Most of that bloodletting will take place in Mexico, but some could spill into the United States, especially in Chicago. Guzmán had made the city one of his biggest distribution hubs in recent years. Guzmán’s organization had embedded in the Chicago Hispanic community, and had also begun widespread heroin distribution as well, according to my law enforcement sources. It is not clear why Chicago, but once senior cartel leaders embed themselves in a community, they bring up family and others they can trust. Some of those former Guzmán allies are likely to turn their guns on each other.

The border areas where his organization controls key crossing points are likely to be another focal point of violence between competing cartels or within the remaining fragments of the Sinoloa organization.

None of that, unfortunately, is likely to mean a noticeable decline in the amount of cocaine on U.S. streets. There is usually enough cocaine in the pipeline to cover any short-term slowdown in supply. As U.S. consumption has declined, according to Colombian and Mexican law enforcement officials, the surplus production is so great that it often takes a kilo of cocaine four to six months to move from Colombia to the streets of U.S. cities. Central America has turned into a vast warehouse for cocaine waiting to be moved to market.

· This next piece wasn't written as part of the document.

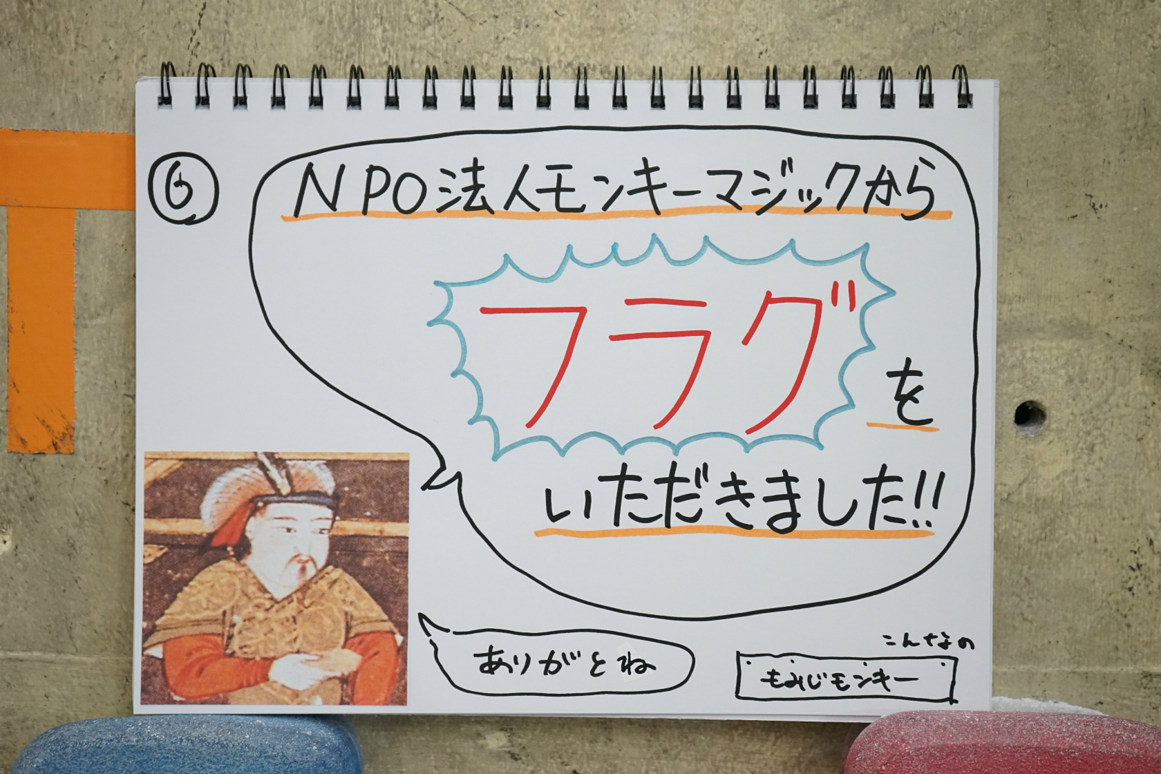 先月の投稿で触れたNPO法人 モンキーマジックから頂いたフラグ、集合写真を撮ると言っておきながらすっかり忘れて解散してしまったんですが、今月、ちゃんと撮りました!

The second is that while smaller structures emerge and each one handles less than the prior cartel, the overall amount of cocaine moving generally stabilizes at its previous level after a few weeks, sparking price hiccups but little permanent change.

Yuri Cortéz/AFP
Yuri Cortéz/AFP

Guzmán’s arrest is good for the rule of law and good for Mexico because it destroys the myths of the invincible drug baron, much as Escobar’s death did in Colombia. It shows that ultimately a kingpin can be put out of business. What it doesn’t do, though, is suggest that the business itself is going anywhere.

Farah, president of IBI Consultants, covered the drug war for two decades at The Washington Post and specializes in organized crime in Latin America.